### [REQUIREMENT]
Look through the records below and copy each line that includes the word "sbor".

### [Stored data]
===
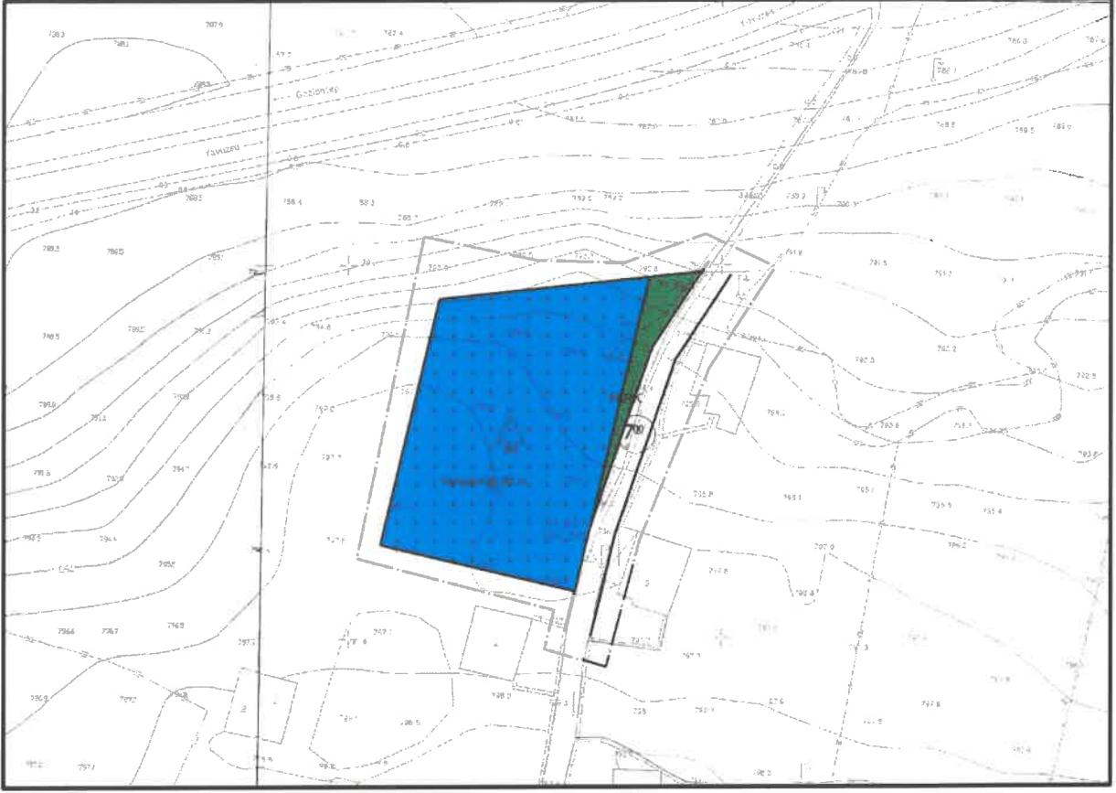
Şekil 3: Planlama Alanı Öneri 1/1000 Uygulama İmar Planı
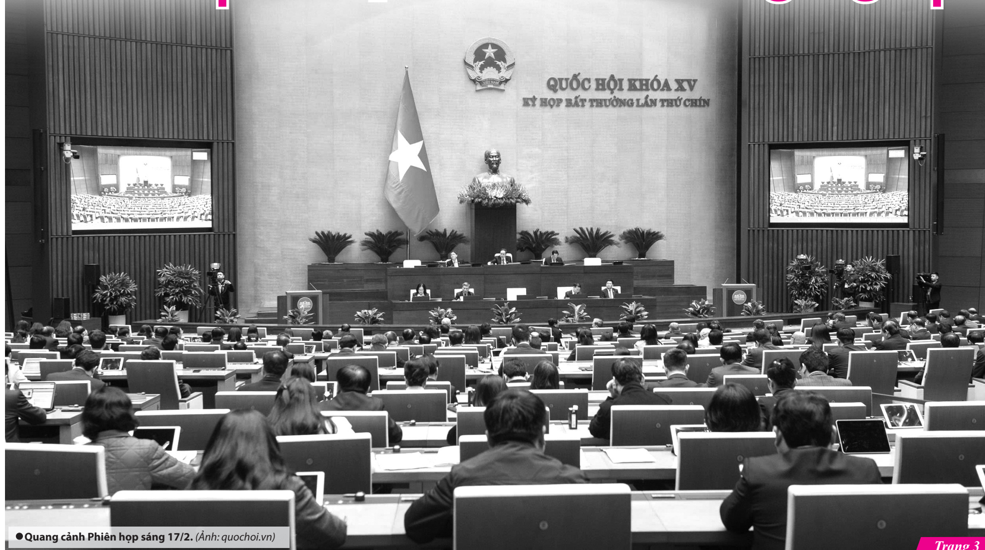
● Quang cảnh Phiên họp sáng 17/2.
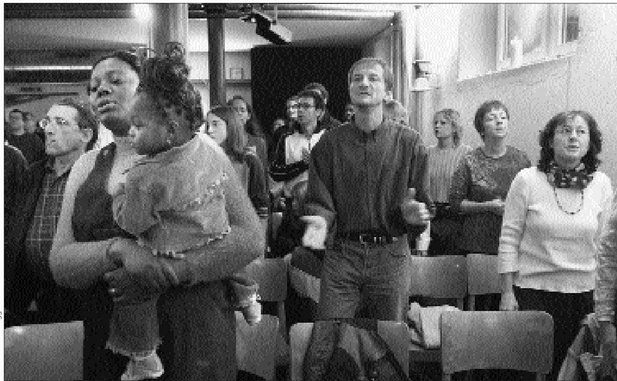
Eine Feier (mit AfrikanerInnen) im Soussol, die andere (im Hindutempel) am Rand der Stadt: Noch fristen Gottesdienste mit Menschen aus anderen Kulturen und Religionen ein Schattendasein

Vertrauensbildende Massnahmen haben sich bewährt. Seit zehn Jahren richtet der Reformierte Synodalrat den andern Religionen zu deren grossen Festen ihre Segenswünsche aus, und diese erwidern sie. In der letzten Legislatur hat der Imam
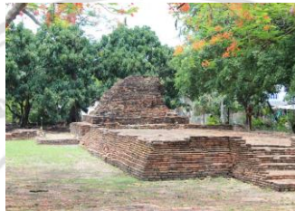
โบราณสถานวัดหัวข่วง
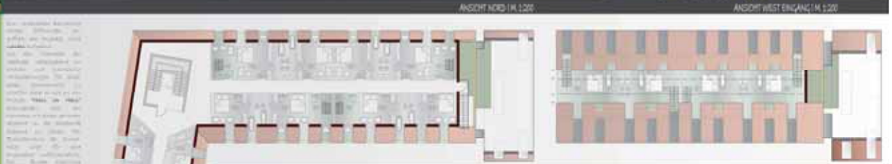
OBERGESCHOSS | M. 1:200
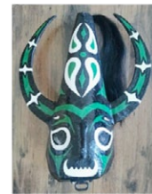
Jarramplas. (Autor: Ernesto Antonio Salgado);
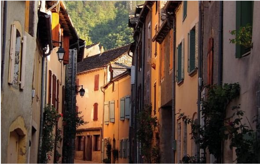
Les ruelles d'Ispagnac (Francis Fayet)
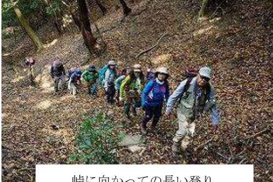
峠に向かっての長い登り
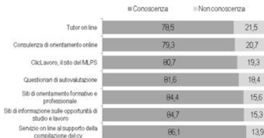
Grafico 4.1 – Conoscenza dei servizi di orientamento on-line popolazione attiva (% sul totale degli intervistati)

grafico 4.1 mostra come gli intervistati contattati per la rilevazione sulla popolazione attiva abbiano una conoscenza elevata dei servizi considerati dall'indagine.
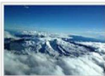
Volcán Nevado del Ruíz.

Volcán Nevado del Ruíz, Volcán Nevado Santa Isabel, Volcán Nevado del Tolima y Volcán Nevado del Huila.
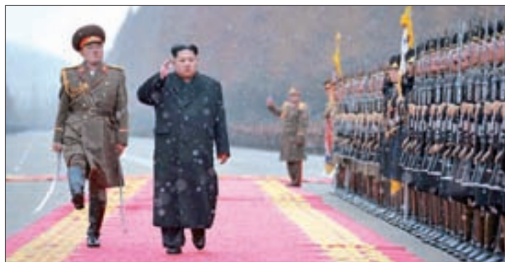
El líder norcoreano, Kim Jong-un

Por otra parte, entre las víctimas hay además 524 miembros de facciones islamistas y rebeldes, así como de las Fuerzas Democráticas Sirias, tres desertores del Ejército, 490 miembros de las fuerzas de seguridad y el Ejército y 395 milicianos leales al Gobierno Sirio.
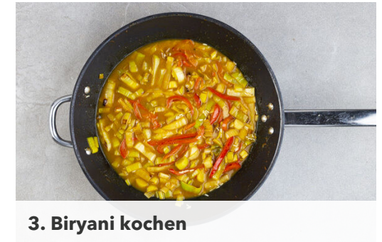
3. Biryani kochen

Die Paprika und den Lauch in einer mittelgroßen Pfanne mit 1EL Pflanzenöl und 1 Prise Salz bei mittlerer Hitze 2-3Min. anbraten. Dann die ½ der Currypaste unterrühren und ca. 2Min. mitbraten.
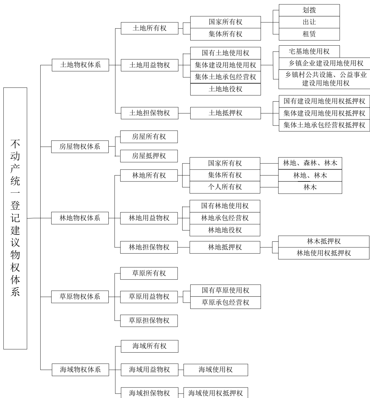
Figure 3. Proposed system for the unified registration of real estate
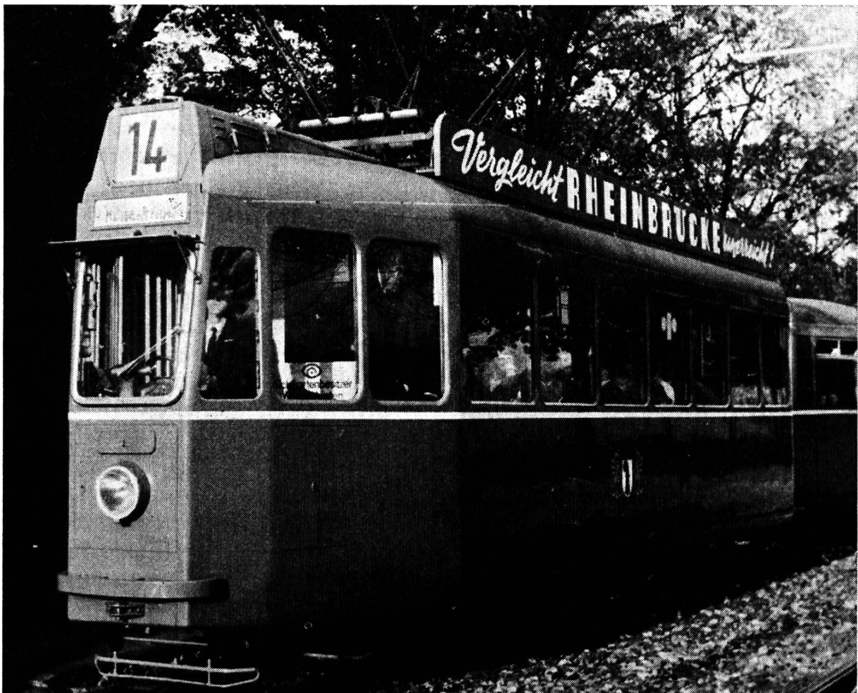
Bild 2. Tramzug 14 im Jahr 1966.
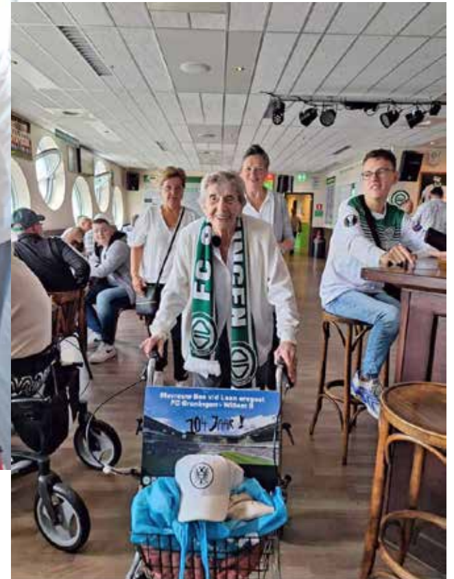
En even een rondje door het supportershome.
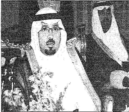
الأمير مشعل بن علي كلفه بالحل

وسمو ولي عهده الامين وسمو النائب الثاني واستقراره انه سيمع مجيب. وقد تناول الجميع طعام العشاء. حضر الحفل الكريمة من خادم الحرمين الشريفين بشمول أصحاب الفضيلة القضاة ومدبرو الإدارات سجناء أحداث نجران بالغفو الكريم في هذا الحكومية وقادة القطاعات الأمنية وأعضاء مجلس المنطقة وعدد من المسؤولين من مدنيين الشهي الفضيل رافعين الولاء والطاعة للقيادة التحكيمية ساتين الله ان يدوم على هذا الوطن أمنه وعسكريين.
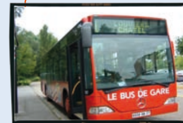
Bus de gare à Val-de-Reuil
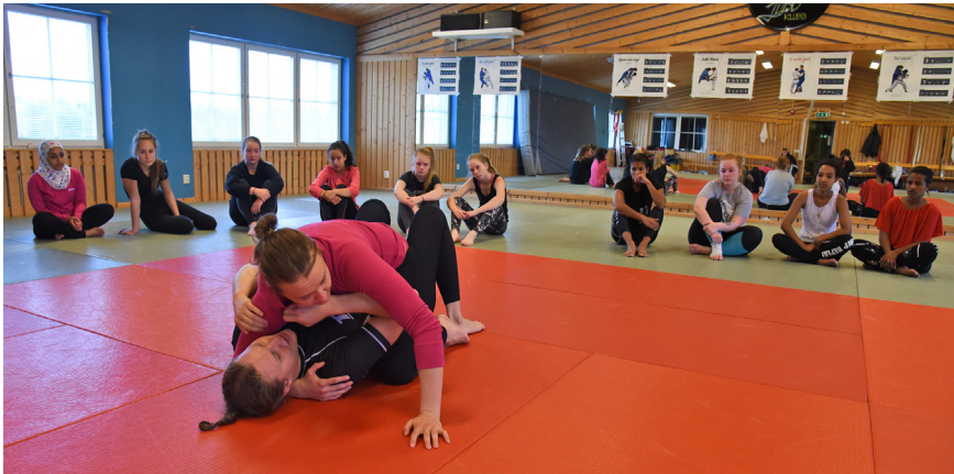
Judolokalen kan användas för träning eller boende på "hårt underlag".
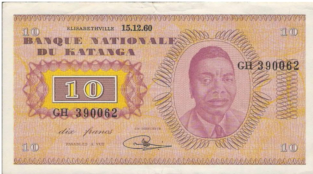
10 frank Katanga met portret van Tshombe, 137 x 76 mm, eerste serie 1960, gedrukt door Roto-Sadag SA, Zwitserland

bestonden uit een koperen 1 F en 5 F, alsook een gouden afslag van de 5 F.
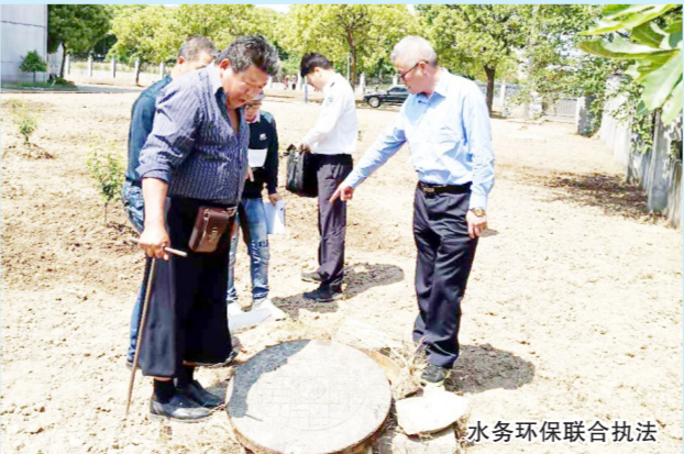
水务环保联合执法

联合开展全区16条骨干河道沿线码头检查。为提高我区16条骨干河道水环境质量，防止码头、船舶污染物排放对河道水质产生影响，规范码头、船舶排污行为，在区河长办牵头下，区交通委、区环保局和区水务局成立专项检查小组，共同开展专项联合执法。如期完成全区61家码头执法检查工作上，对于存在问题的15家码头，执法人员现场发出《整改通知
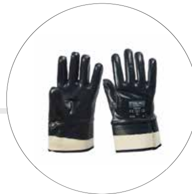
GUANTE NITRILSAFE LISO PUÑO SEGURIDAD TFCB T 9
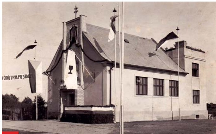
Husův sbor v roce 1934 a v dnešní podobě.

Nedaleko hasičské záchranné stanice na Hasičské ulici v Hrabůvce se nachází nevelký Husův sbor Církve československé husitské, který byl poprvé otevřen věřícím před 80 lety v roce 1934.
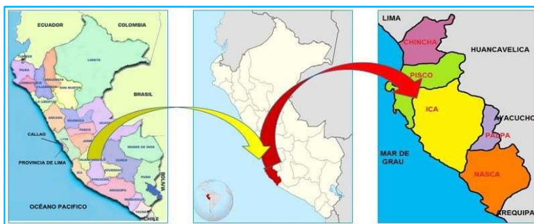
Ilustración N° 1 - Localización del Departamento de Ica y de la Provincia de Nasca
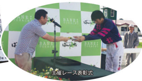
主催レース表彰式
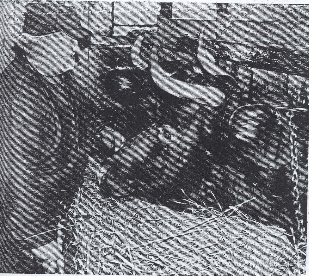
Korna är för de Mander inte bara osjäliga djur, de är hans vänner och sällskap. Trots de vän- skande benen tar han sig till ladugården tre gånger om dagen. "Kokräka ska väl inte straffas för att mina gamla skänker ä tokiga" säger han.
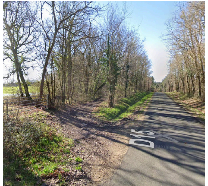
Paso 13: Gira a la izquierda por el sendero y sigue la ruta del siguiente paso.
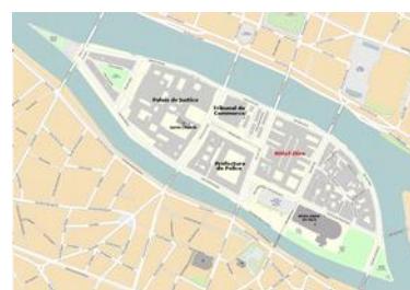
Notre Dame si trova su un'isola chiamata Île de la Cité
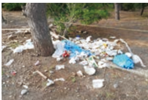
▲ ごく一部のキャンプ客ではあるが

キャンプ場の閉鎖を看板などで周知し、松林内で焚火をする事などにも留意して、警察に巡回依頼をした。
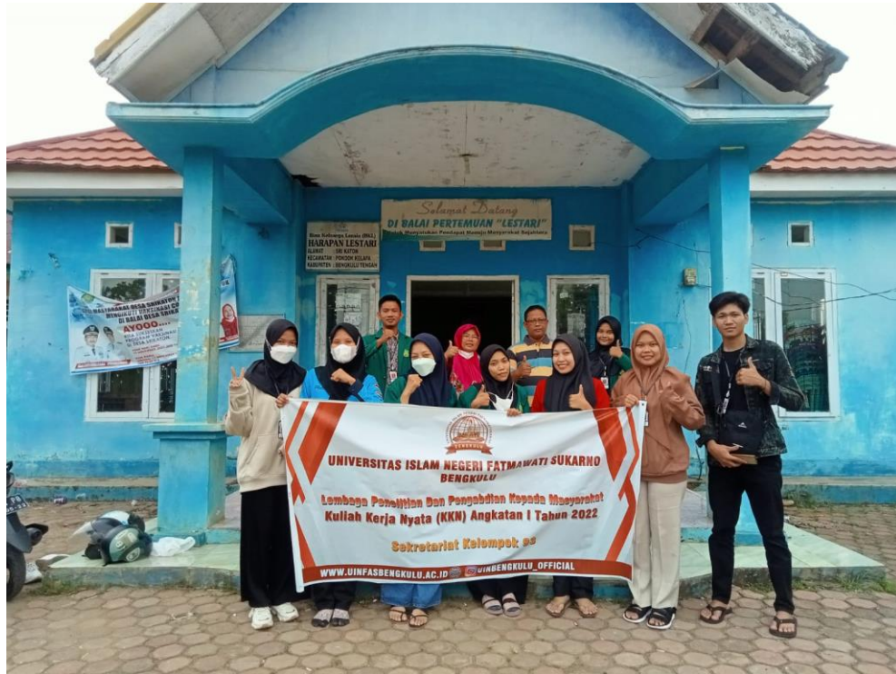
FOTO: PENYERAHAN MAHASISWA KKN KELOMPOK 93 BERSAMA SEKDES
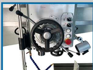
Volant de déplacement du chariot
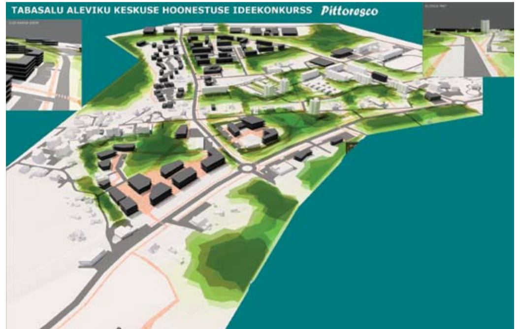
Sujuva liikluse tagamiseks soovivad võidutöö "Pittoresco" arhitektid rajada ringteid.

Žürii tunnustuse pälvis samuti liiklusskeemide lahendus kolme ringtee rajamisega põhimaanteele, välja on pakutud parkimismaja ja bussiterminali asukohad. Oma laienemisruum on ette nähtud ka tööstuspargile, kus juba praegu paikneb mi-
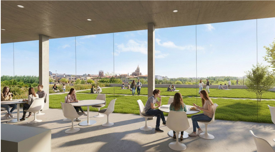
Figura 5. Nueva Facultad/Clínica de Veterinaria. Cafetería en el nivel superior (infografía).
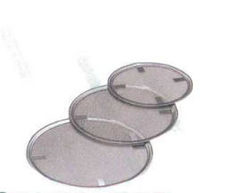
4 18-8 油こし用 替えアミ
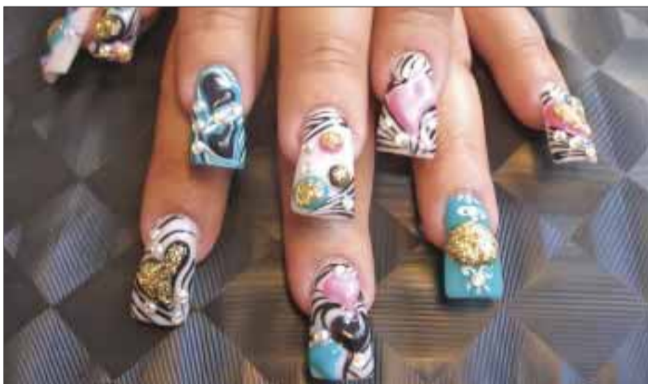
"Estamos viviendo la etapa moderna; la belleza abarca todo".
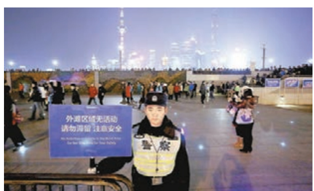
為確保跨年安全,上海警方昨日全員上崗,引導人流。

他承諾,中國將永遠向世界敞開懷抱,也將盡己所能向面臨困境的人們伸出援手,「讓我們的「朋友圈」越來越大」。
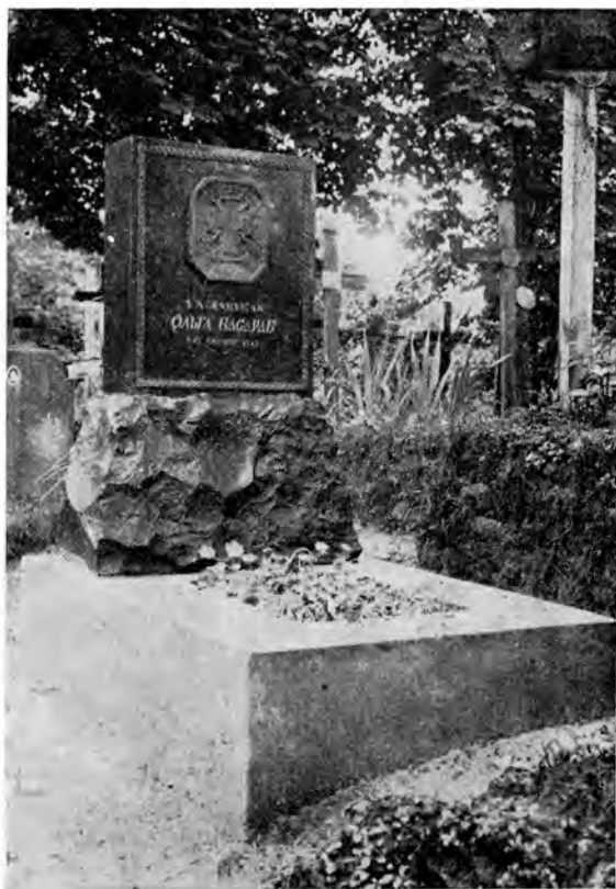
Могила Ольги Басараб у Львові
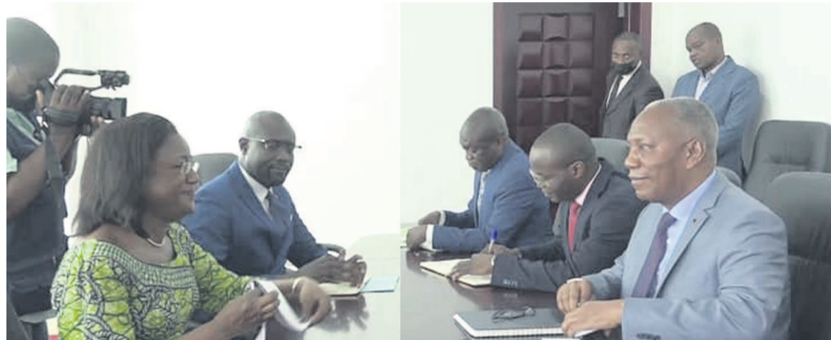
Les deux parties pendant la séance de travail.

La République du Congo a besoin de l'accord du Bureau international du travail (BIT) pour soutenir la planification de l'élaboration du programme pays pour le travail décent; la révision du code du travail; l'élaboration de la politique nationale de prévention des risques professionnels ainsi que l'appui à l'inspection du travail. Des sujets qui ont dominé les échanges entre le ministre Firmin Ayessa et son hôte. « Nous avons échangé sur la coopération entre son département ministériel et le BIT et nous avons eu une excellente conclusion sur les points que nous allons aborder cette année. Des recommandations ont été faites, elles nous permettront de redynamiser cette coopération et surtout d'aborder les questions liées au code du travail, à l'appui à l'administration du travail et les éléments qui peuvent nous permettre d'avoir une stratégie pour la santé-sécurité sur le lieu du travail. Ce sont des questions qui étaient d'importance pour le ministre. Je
===
### [FINISHED EXERCISE]
Husův sbor v roce 1934 a v dnešní podobě.
Nedaleko hasičské záchranné stanice na Hasičské ulici v Hrabůvce se nachází nevelký Husův sbor Církve československé husitské, který byl poprvé otevřen věřícím před 80 lety v roce 1934.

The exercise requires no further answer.